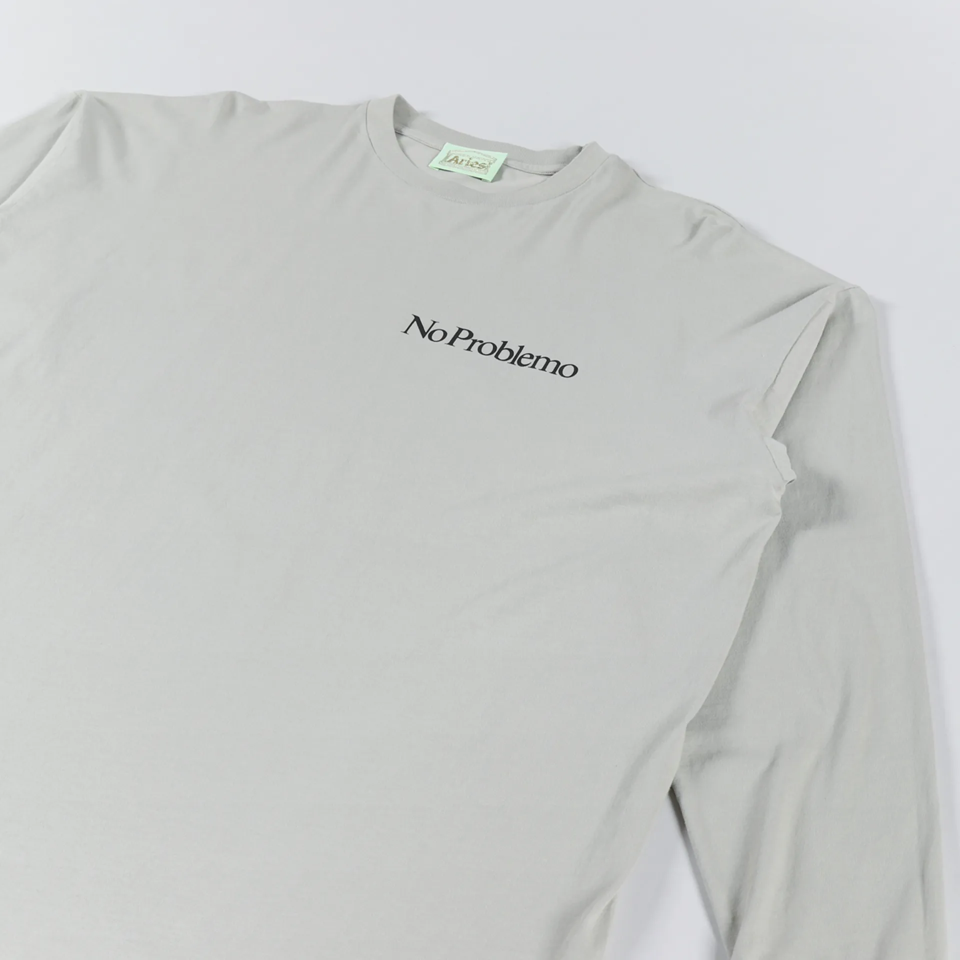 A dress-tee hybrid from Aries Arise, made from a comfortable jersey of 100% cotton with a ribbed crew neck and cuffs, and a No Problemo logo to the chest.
==
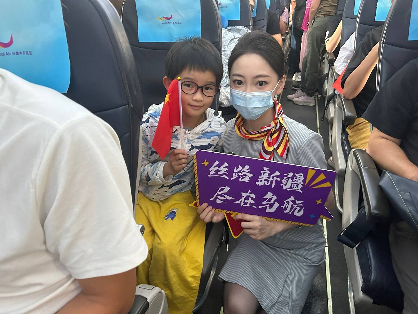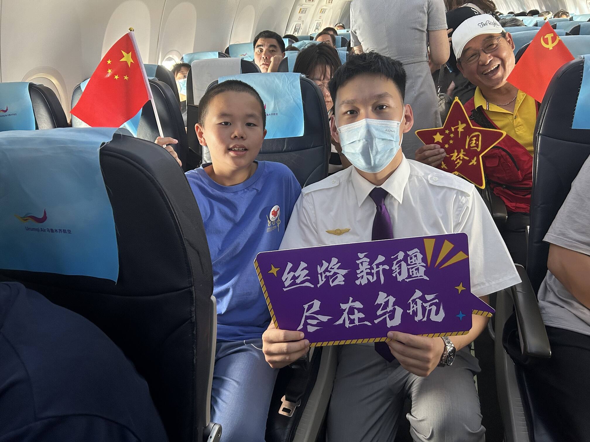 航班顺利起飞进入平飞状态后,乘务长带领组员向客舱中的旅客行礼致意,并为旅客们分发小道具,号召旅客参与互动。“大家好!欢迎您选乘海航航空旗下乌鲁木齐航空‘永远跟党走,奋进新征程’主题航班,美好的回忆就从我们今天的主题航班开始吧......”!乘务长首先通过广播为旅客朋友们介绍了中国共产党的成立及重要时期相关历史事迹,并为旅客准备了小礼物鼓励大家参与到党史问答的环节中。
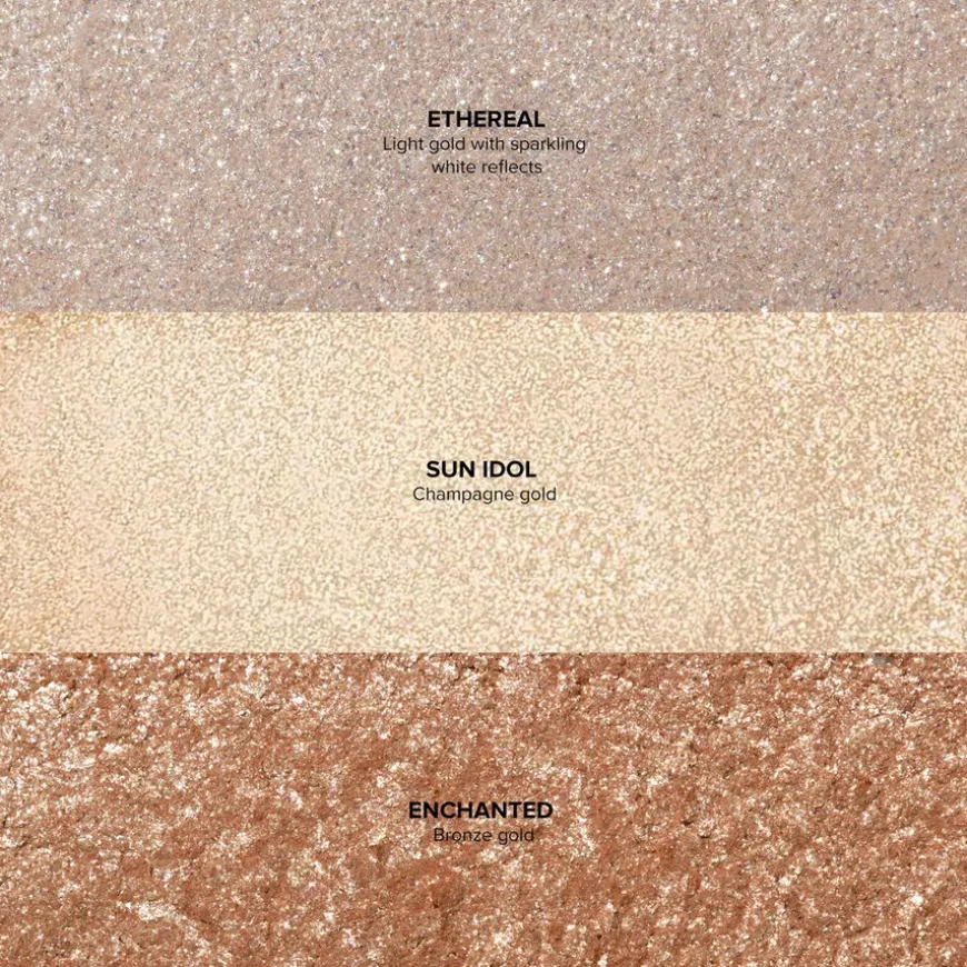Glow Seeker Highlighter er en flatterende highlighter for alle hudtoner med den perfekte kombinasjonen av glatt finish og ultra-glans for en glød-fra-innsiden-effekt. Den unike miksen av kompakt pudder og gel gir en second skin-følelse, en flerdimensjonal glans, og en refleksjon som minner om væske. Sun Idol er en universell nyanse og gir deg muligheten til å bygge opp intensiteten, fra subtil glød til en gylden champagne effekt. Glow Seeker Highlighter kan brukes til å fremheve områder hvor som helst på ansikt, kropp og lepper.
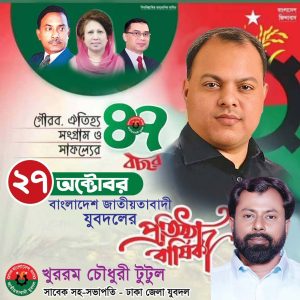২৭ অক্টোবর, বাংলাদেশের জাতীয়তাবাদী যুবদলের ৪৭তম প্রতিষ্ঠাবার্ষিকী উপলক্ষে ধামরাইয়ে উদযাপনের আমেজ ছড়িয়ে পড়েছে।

- _WORK TO BE COMPLETED_
Above is the material; set down exactly its lines from the one containing "Glow Seeker Highlighter er" down to the one containing "২৭ অক্টোবর, বাংলাদেশের", both included, leaving out any pictures.

- _PROBLEM SOLUTION_
Glow Seeker Highlighter er en flatterende highlighter for alle hudtoner med den perfekte kombinasjonen av glatt finish og ultra-glans for en glød-fra-innsiden-effekt. Den unike miksen av kompakt pudder og gel gir en second skin-følelse, en flerdimensjonal glans, og en refleksjon som minner om væske. Sun Idol er en universell nyanse og gir deg muligheten til å bygge opp intensiteten, fra subtil glød til en gylden champagne effekt. Glow Seeker Highlighter kan brukes til å fremheve områder hvor som helst på ansikt, kropp og lepper.
২৭ অক্টোবর, বাংলাদেশের জাতীয়তাবাদী যুবদলের ৪৭তম প্রতিষ্ঠাবার্ষিকী উপলক্ষে ধামরাইয়ে উদযাপনের আমেজ ছড়িয়ে পড়েছে।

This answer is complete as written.